Choosing snowshoes

You can make, buy or simply try the different models at state parks and nature centers.

Members of a snowshoe-making class.
Members of a snowshoe-making class show off their results.

It's easy to see why snowshoeing is so popular. It's slower than skiing, but you can go wherever you want, on footwear that doesn't need to be waxed and on trails that don't need to be groomed.

A lot of people will be getting or giving snowshoes as holiday presents. Many people automatically head for the high-tech metal shoes that are ubiquitous in sporting goods stores, but it's worth considering other kinds.

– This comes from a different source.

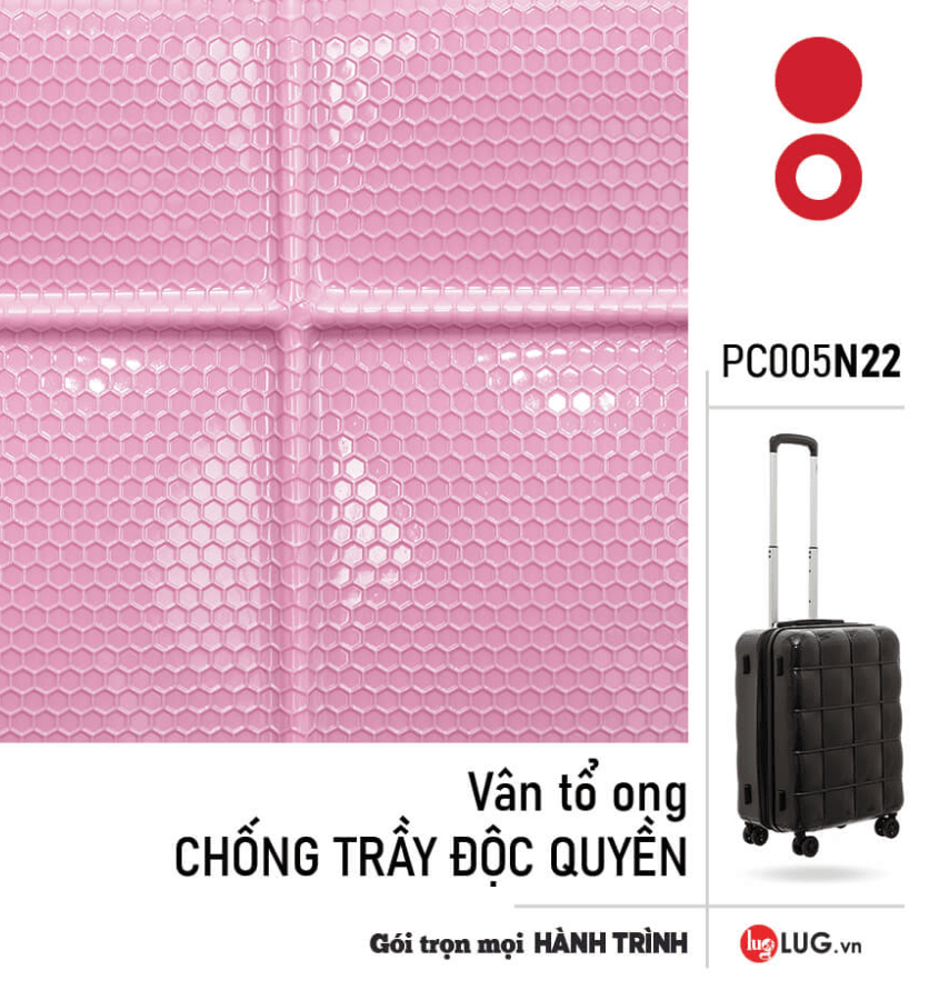 Mẫu Vali Square PC005N22 có thiết kế lạ mắt cùng với vân tổ ong độc quyền từ thương hiệu Echolac. Nhìn từ xa bề mặt vali nhẫn bóng nhưng khi lại gần và sờ tay vào mới cảm nhận được sự khác biệt.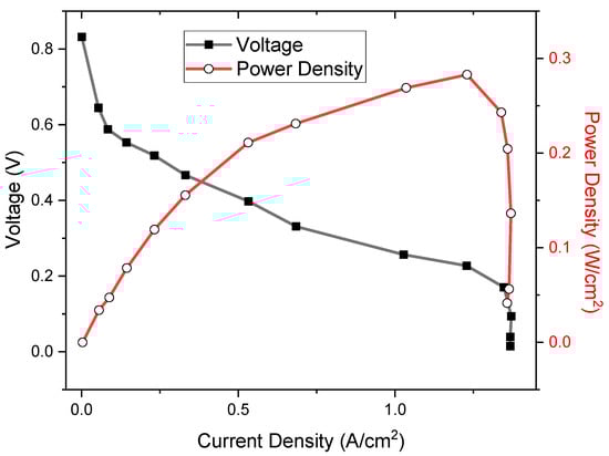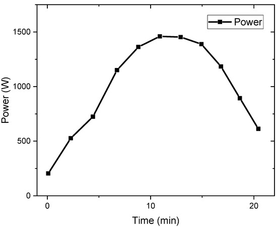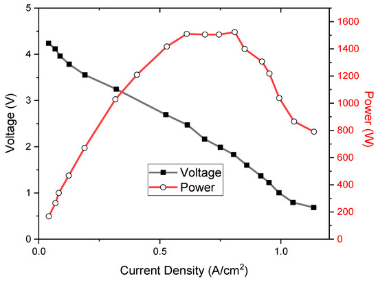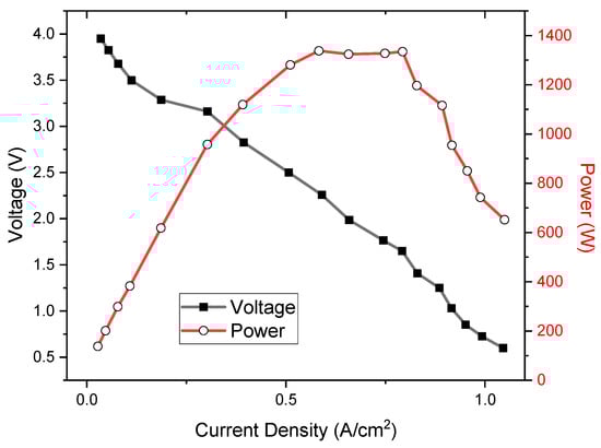 As the potential difference between the two ends of the electrodes increases, the amount of hydrogen production increases to a point where the hydrogen output is almost constant and then decreases. The reason for the constant state and then the decrease in hydrogen production can be considered as the increase in resistance due to the fusion between the electrodes. In this regard, a part of the applied voltage must be used to overcome this resistance. The corresponding graph of voltage and current density in terms of power is shown in Figure 11. Figure 12 also shows the amount of hydrogen produced in three hours, which indicates the enhancement in the hydrogen production to about 800 mL.

Aluminum snowshoes are light and have crampons for scaling hills, but they don't give wearers much loft in deep snow, and they're kind of noisy.

If you're envisioning a snow-draped trek through the quiet north woods, choose one of the wood-framed styles that have been used for centuries.

Rounded bear paws are best for maneuvering around trees and brush. Ojibwas , with pointed toes and long tails, and Alaskans , which are similar but have rounder toes, are best for traveling cross-country in deep powder.

They're also good for people who pack a few extra pounds, on their bodies or in backpacks.

To get a look at some of the different kinds of snowshoes and bindings, check Country Ways, the Twin Cities company that makes the kits used in many state-park and environmental-center workshops.

It charges $299 for wood-framed snowshoes. Aluminum snowshoes can cost that much, but they're also available for as little as $90.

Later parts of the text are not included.